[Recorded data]
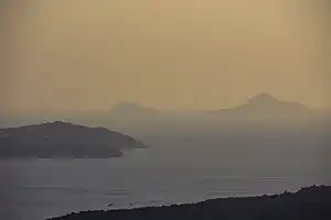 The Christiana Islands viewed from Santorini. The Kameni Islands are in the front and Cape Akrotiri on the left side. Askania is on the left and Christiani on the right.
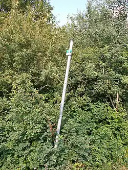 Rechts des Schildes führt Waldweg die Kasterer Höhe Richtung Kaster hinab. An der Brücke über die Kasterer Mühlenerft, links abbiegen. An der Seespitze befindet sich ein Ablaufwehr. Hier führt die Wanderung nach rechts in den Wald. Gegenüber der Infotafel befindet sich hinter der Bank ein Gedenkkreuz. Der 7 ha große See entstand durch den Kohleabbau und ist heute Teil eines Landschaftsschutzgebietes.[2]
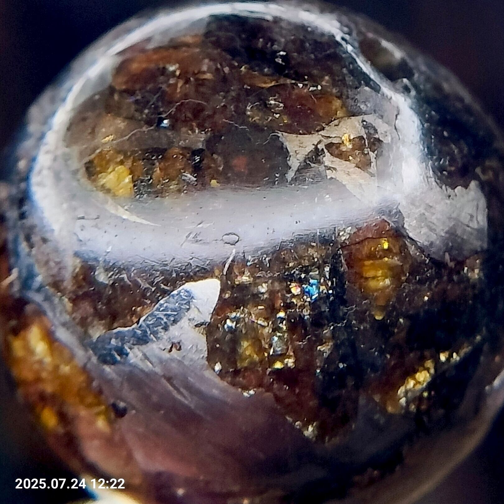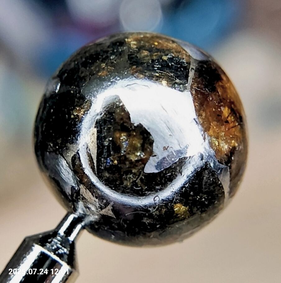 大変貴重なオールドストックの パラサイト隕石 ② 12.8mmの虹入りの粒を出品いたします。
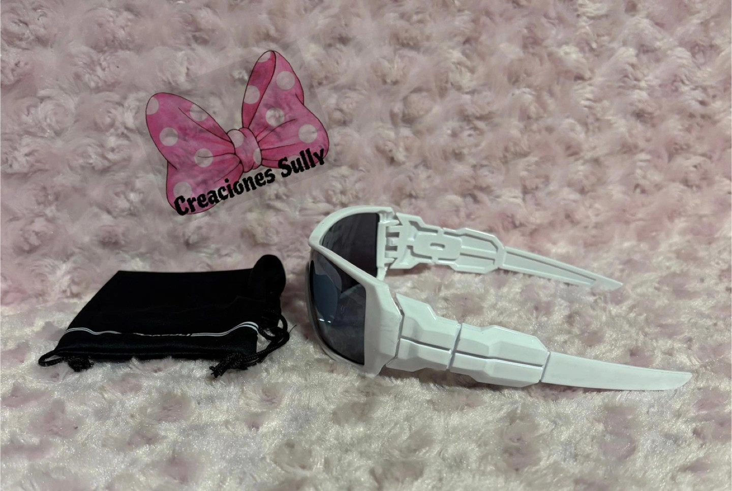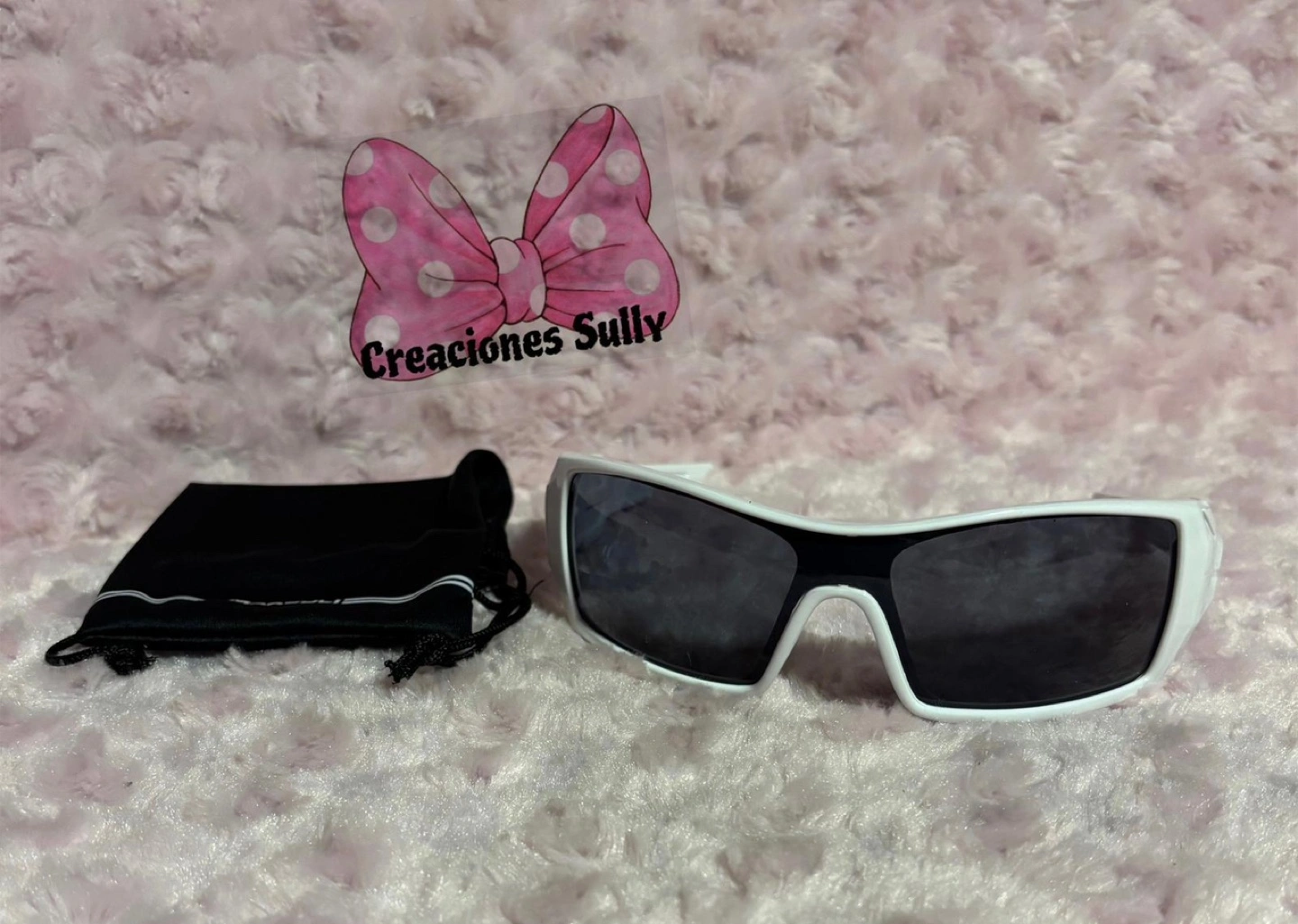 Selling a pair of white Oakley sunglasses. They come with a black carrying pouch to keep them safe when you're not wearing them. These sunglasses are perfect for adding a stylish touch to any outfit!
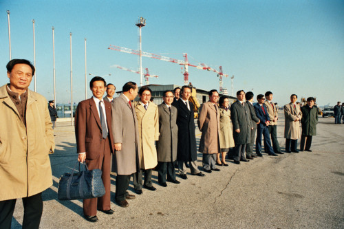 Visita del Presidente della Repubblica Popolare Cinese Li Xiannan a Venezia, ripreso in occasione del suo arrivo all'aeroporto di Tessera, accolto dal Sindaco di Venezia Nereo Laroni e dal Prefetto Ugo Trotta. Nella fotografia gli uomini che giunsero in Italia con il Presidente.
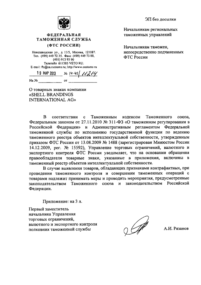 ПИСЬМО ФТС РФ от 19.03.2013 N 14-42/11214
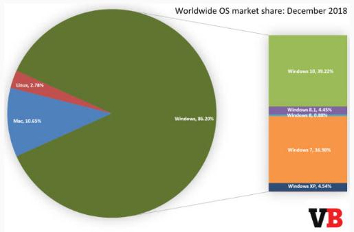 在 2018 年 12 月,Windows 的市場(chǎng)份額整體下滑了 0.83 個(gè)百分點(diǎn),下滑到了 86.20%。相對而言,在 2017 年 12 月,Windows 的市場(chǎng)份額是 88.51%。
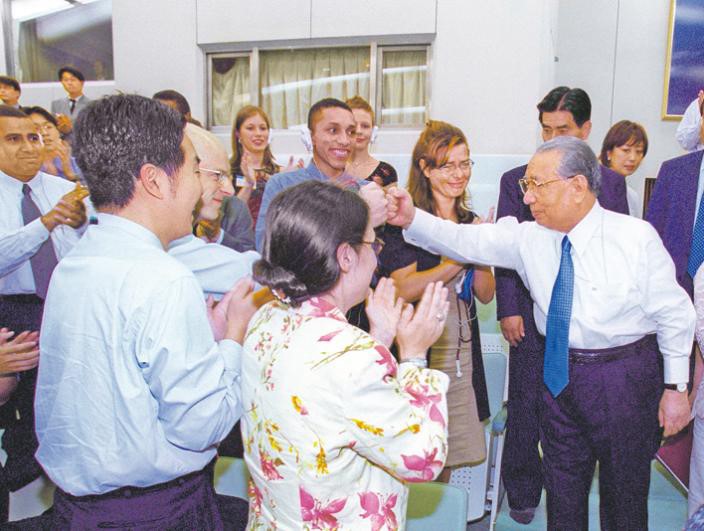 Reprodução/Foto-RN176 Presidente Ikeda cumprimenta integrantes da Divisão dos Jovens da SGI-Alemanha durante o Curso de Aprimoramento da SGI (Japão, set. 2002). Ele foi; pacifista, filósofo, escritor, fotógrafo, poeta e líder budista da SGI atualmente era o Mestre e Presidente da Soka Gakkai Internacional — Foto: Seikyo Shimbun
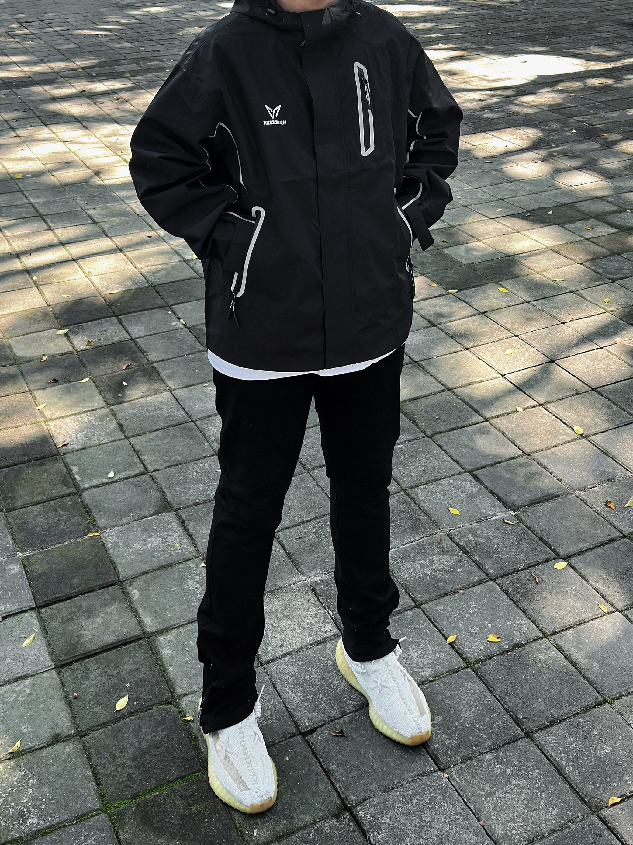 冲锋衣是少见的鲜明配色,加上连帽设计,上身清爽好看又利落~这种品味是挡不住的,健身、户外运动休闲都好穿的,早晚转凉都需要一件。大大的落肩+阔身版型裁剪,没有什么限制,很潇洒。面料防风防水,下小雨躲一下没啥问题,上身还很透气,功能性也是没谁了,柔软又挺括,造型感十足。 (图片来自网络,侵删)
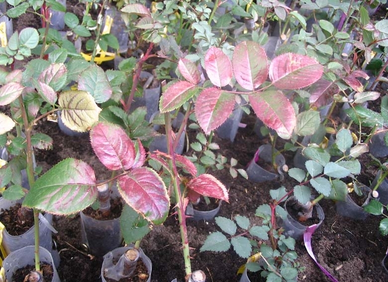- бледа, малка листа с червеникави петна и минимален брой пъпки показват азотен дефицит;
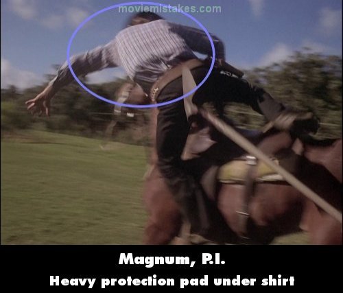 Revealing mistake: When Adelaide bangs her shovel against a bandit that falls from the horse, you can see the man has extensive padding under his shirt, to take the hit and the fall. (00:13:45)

_Exercise directions_
What lines above run from the one with "Rechts des Schildes" to the one with "Selling a pair"? Give them again exactly, ends included, and leave the pictures out.

_Result of the exercise_
 Rechts des Schildes führt Waldweg die Kasterer Höhe Richtung Kaster hinab. An der Brücke über die Kasterer Mühlenerft, links abbiegen. An der Seespitze befindet sich ein Ablaufwehr. Hier führt die Wanderung nach rechts in den Wald. Gegenüber der Infotafel befindet sich hinter der Bank ein Gedenkkreuz. Der 7 ha große See entstand durch den Kohleabbau und ist heute Teil eines Landschaftsschutzgebietes.[2]
 大変貴重なオールドストックの パラサイト隕石 ② 12.8mmの虹入りの粒を出品いたします。
 Selling a pair of white Oakley sunglasses. They come with a black carrying pouch to keep them safe when you're not wearing them. These sunglasses are perfect for adding a stylish touch to any outfit!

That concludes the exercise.